I went today to see the British Museum's Scythians exhibition.  It finishes on the fourteenth of January, so time was in danger of running out if I didn't get round to visiting this side of Christmas.  The Scythians were nomadic tribes who roamed the steppes from the borders of modern day China to the Black Sea between 800 and 200 BC, precursors to the Goths, the Huns, and the hordes of Ghengis Khan.  I was curious about them, and besides the Guardian gave the exhibition five stars.

The Scythians did not have any written culture, and what we know about them is based largely on their grave goods, the Scythians appearing to have quite elaborate burial rituals and the climate of Siberia being conducive to preservation.  The exhibition thus offers a fascinating but skewed portrait of Scythian culture.  There are gold torques and belt buckles, fragments of the kind of clothes the most powerful people were buried in, weapons, drinking cups, horse bridles, and cooking pots.  It is amazing that textiles over two thousand years old have survived at all, and fairly amazing that the horse bridles did.

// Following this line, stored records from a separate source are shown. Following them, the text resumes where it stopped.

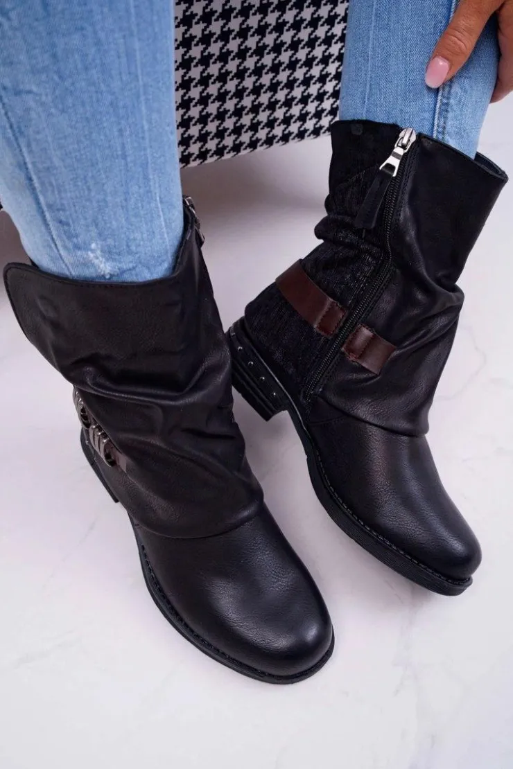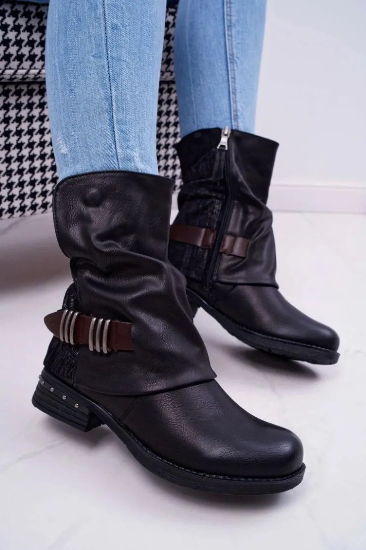 Boto Botki Zimowe Damskie|Botki Płaskie*Botki Damskie Wysokie Kowbojki Czarne Winchester
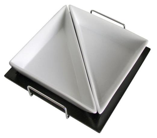 Velmi oblíbená sada dvou keramických trojúhelníkových misek na dřevěném podnose je velmi praktická při servírování různých pokrmů. Nerezová ouška zajišťují lehkou manipulaci. Misky jsou vhodné do myčky na nádobí, podnos je snadno omyvatelný, stačí přetřít vlhkým hadříkem. Objem každé misky je 200 ml. Rozměry podnosu -19, 4 x 19, 1 cm.
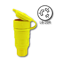 20 amp, 250 volt, NEMA L6-20R, 2P, 3W, locking connector, industrial grade, grounding, wetguard. Ships in 2 weeks.
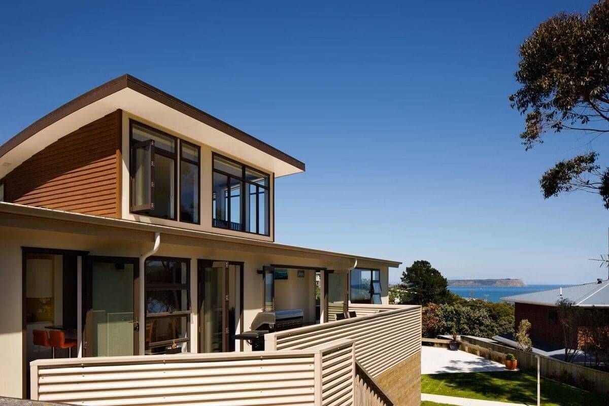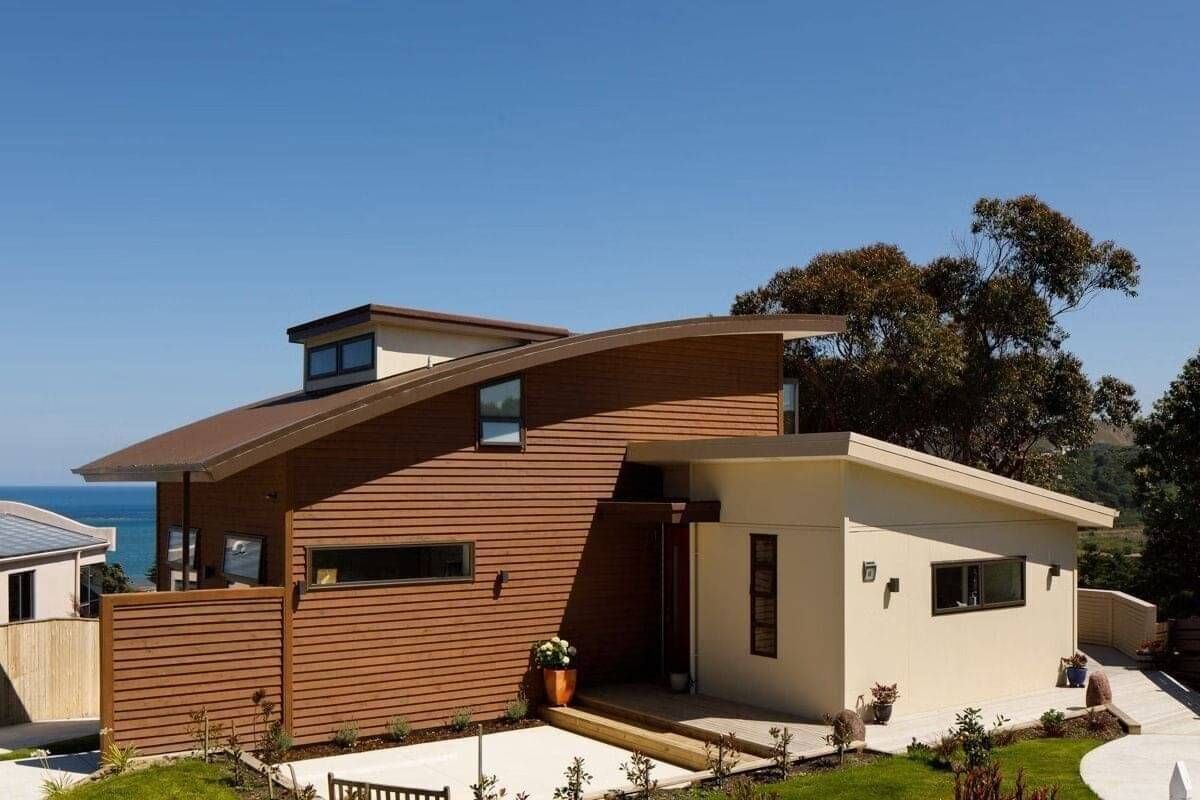 This hillside home is obliquely angled on the site for axial views across the water to Mana Island and towards the hills of Plimmerton and Pukerua Bay. The design of the curved roof is aerodynamic, to largely eliminate wind noise, as well as being a popular move to help preserve the fantastic panorama for the neighbours.
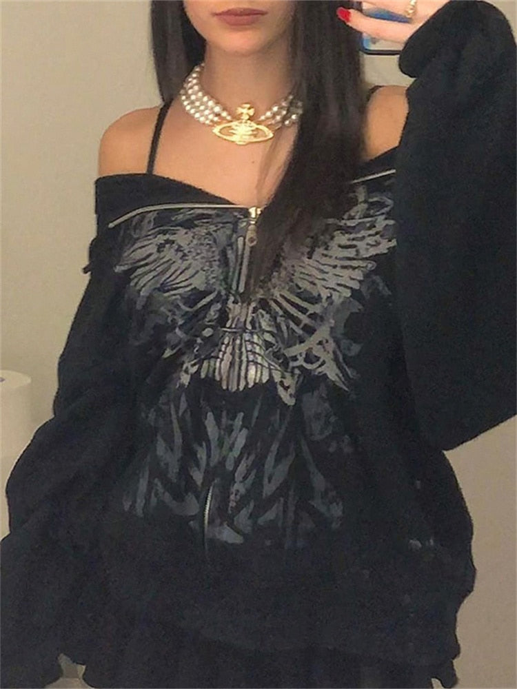 Butterfly Print Grunge Fairycore Hoodie Jackets Gothic Zip Up Loose Autumn Coats Retro Harajuku Cute Aesthetic Top Cuteandpsycho
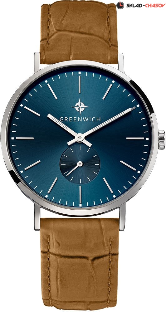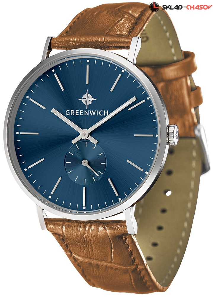 Элегантный дизайн кварцевых часов Greenwich выполнен с минимумом деталей. Круглый тонкий корпус из гипоаллергенной нержавеющей стали имеет универсальный диаметр 40 мм. Часы прекрасно подойдут любителям классики и минимализма. В центре полированного циферблата цвета морской волны — часовая и минутная стрелки. Они крупные и хорошо читаются. Секундная стрелка вынесена в нижнюю часть, с отдельной маркировкой секунд. Циферблат надежно защищен прочным минеральным стеклом. Часы установлены на плотный ремешок светло-коричневого цвета из натуральной кожи с прошивкой.
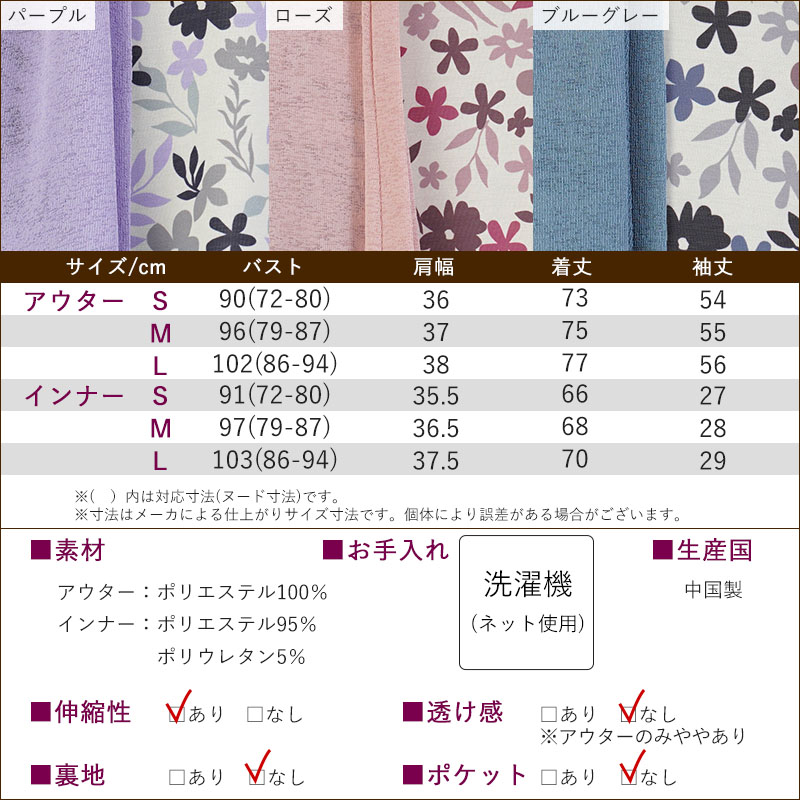 (素材)カーディガン:ポリエステル100% チュニック:ポリエステル95% ポリウレタン5%
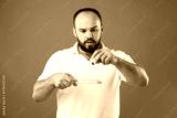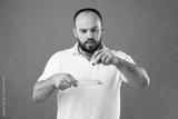 Baldness problem. Worried man taking his lost hair from brush on light blue background
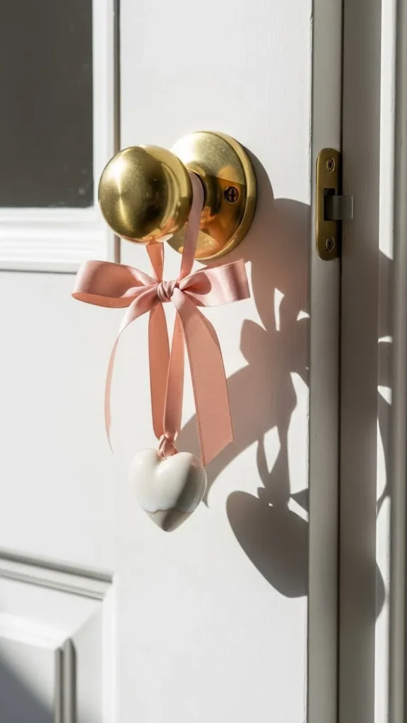 A doorknob charm adds a soft, romantic touch in the most unexpected spot. Choose a small heart-shaped charm or create one using air-dry clay. Tie it with blush or ivory ribbon for a calm, elegant look. This detail is quick to install and perfect for renters. It also suits minimalists who want something subtle rather than a full wreath. Swap colors or charms later for other holidays. Keeping accessories small ensures the entry remains functional, especially in tight spaces. This tiny gesture feels thoughtful and welcoming without needing any major updates. It’s a sweet finishing touch that brings a bit of Valentine personality right at eye level.
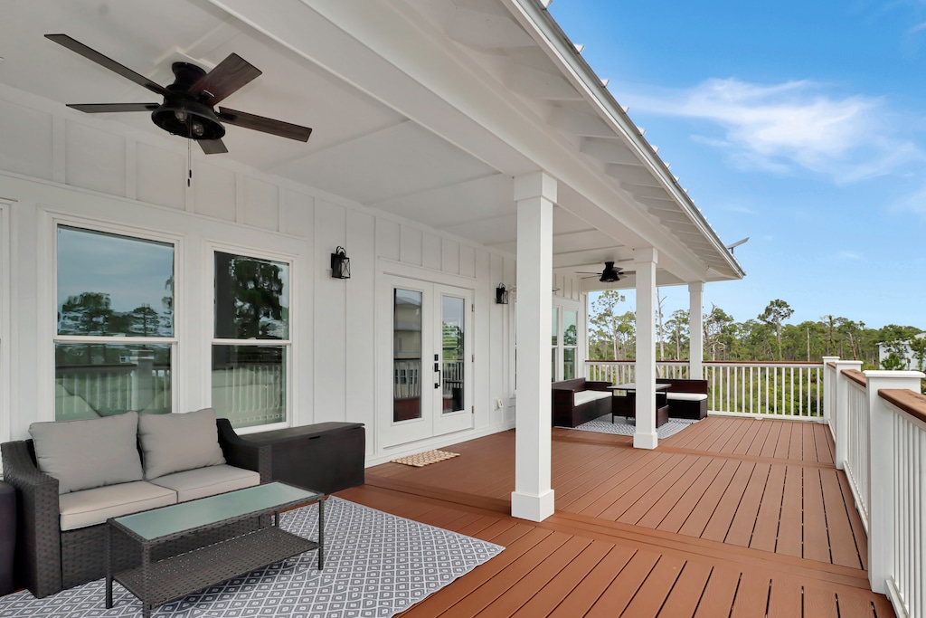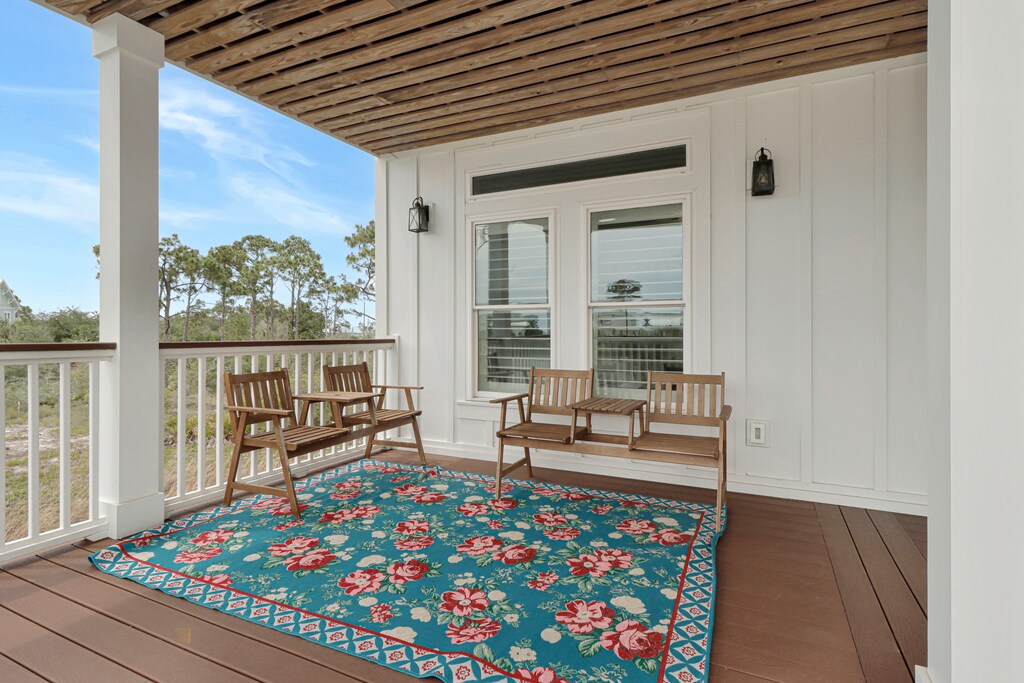 Home Away from Home is a spacious 4-bedroom, 3-bath coastal retreat nestled in the gated beachside community of WindMark. Grand in both size and charm, this beautiful home welcomes you with a sweeping front staircase, a covered front porch with ceiling fans, and plenty of comfortable seating to enjoy the ocean breeze. Inside, you’ll find custom bunk rooms perfect for families, joined by a Jack and Jill bathroom with double vanities and both a tub/shower combo and a separate glass shower. Two luxurious master suites—one on each floor—feature king beds and spa-style bathrooms, including a stunning glass-walled shower room with dual shower heads and a soaking tub.

We learn that the Sythians warred among their separate tribes as well as raiding the settled communities on the periphery of their territories.  They also traded with the settled people for things that a livestock based nomadic lifestyle could not supply, which must have led to some interesting conversations.  Their bows and arrow were of sophisticated design.  Although they did not have a written culture, the Greeks did record some observations of the Scythians, and so we know they burned hemp seeds for pleasure, and did inhale.  Their art was heavily based on natural forms, real and mythical animals, and plants.  To a non-expert eye there seemed to be some similarities with Viking art.  The women wore tall, pointed head dresses and shaved their heads, or was that only after death as part of the funeral ritual?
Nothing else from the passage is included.